WASHINGTON — Was this necessary?
The struggle to succeed Ben Bernanke as chairman of the Federal Reserve has turned into a soap opera. Bernanke, it is widely assumed, has told President Obama that he doesn't want a third four-year term — or has been informed that he won't be reappointed. This has triggered a highly public campaign by partisans of the two leading contenders for the job: Lawrence Summers, ex-treasury secretary (in the Clinton years) and former Harvard president; and Janet Yellen, the Fed's present vice chairman. Both are economists.
Summers, say his fans in op-ed articles and anonymous quotes, is "brilliant" and an experienced crisis manager. (He helped defuse the 1997-98 Asian financial crisis and, as a top Obama aide in 2009, dealt with the Great Recession.) Yellen's supporters counter that she was an early prophet of the housing crisis and is a consensus-builder and an articulate communicator. She also would be the first woman to head the Fed. Inevitably, each campaign questions the other candidate's qualifications. Summers is accused of arrogance; Yellen is seen as soft on inflation (a "dove" in Fedspeak).

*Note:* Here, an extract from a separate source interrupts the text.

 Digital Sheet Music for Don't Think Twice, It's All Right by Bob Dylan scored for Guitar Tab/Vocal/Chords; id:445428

All this could have been avoided, or minimized, if the president had made his choice in early summer. The result is that whoever wins — or perhaps a dark horse, for instance ex-Fed Vice Chairman Donald Kohn — will need to overcome the doubts and ill will created by Obama's indecision. This is an extra headache to go with many others, because today's Fed is very different from the one Bernanke inherited from Alan Greenspan.

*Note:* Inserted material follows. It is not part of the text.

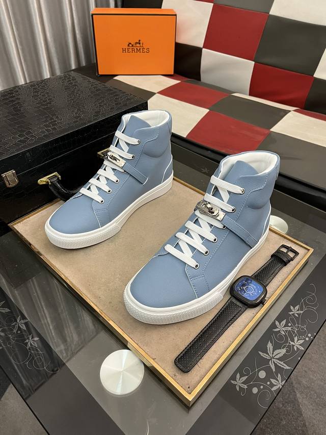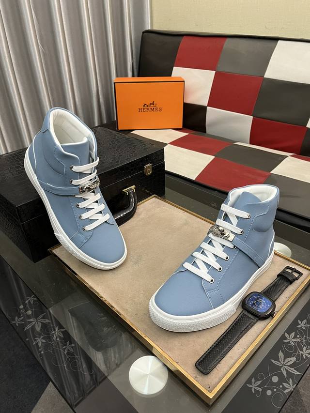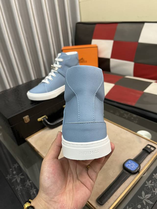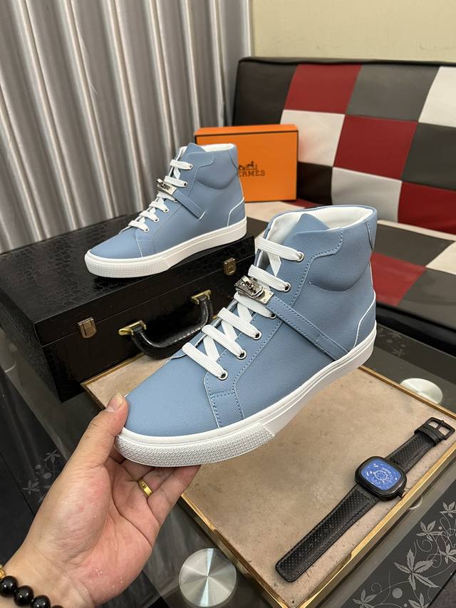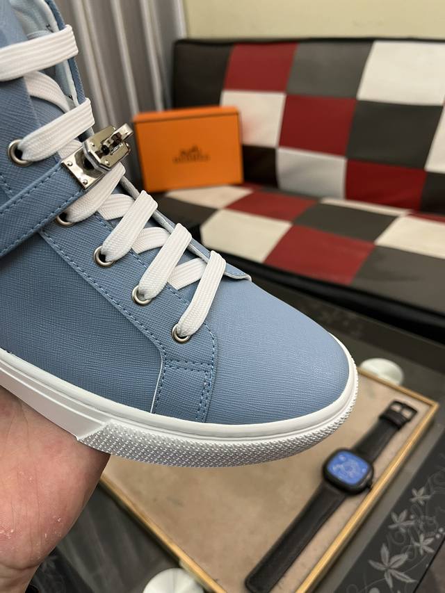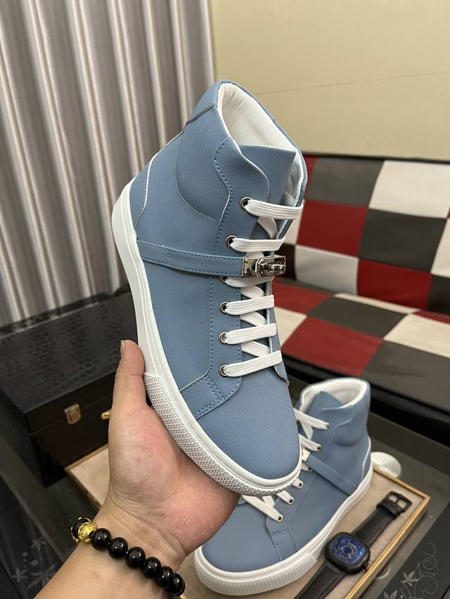 出厂价: H 爱马仕男士休闲运动鞋,牛皮打造,精品级别,打造现代都会风格!进口小牛皮内里,柔软舒适 ,Tpu大底轻便舒适,精品级别!Size:38-444色可选

Under Greenspan, from the summer of 1987 to early 2006, the Fed seemed almost omnipotent. Small tweaks up or down in interest rates could, it appeared, sustain economic expansion and contain inflation. During this period, job creation topped 30 million. The two recessions, those of 1990-91 and 2001, were mild by historical standards. Stocks rose more than fourfold. The Fed became more popular. In his confirmation hearings, Bernanke was emphatic: I will continue Greenspan's policies.
History dictated otherwise. With hindsight, Greenspan's apparent success in stabilizing the economy fostered the financial crisis. Bankers, consumers and companies became overconfident and complacent; they took risks that seemed justifiable but were ultimately disastrous. In the Bernanke era, the Fed's limited powers have become obvious. To be sure, Bernanke's deft interventions in 2008 and 2009 probably prevented another Great Depression. But the Fed has had less success in stimulating a strong recovery, despite keeping short-term interest rates near zero since late 2008 and trying to depress long-term rates by buying about $2.8 trillion of Treasury and mortgage bonds.

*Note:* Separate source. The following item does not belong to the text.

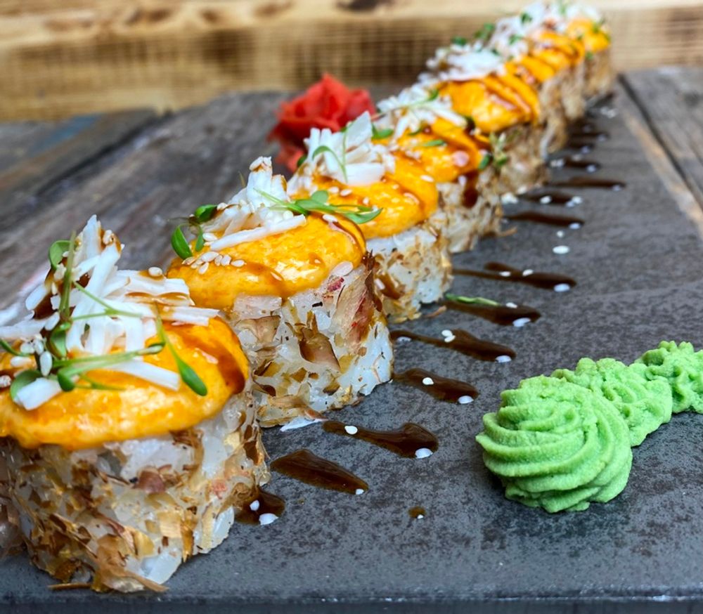 Снежный краб, сыр сливочный, огурец, соус из икры Масаго и сыра, кунжут, соус Унаги и стружка тунца.
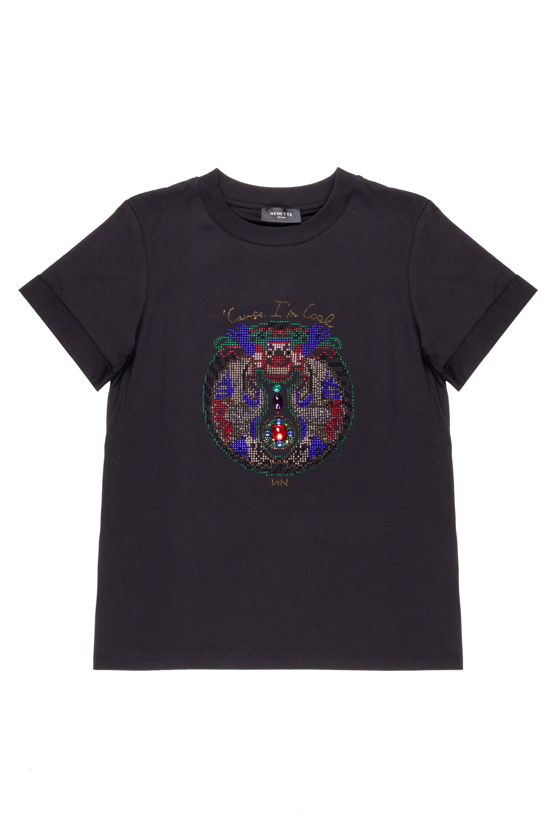T-shirt manica corta in morbido cotone, fresca e confortevole. Il rosone hotfix disegnato dona un dettaglio brillante e sofisticato, rendendo il capo unico. Ideale per outfit casual con un tocco di eleganza discreta e moderna, perfetta per la vita di tutti i giorni.

Bernanke has been an avowed experimenter; bond-buying has been his big experiment. It's an understandable gambit to reduce human suffering, and in some ways, it has changed behavior. A decade ago, it was unimaginable that the Fed would openly try to "talk up" the stock market; now, that's routine because one goal of the bond-buying (referred to as "quantitative easing" or QE) is to encourage more stock purchases by lowering interest rates on bonds, a competing investment.
Still, the economic effect has been modest at best. Slightly lower interest rates didn't cause a burst of production and job creation. Indeed, a study from the Federal Reserve Bank of San Francisco estimated that the second round of QE added only 0.13 percentage points to economic growth. (Other studies show larger effects.) Even these benefits might be reversed if the bond-buying slows or stops. When Bernanke announced a possible cut in purchases to begin later this year, interest rates shot up — exactly the opposite of what the Fed wants. Good intentions do not guarantee good outcomes.
The next chairman faces both political and economic challenges. Because the economy is doing poorly, the Fed is not popular. It's blamed for creating the crisis, aiding Wall Street and being too powerful. There is no relief from this resentment until the economy improves, but the next Fed chairman needs to prevent the discontent from worsening. Down that road lie many bad ideas that Congress might foist on the Fed, starting with compulsory credit allocation: the forced funneling of loans to politically connected industries. The Fed's economic challenge is to deliver what it promises and to respond competently to the unexpected. This includes keeping a watchful eye on inflation.
Being Fed chairman requires economic smarts, financial knowledge, political instincts and communications skills. Summers and Yellen each has strengths, but neither has a clear advantage over the other. It's a judgment call — and Obama should make it sooner rather than later. The longer the uncertainty continues, the greater the damage.
Robert J. Samuelson is a Washington Post columnist.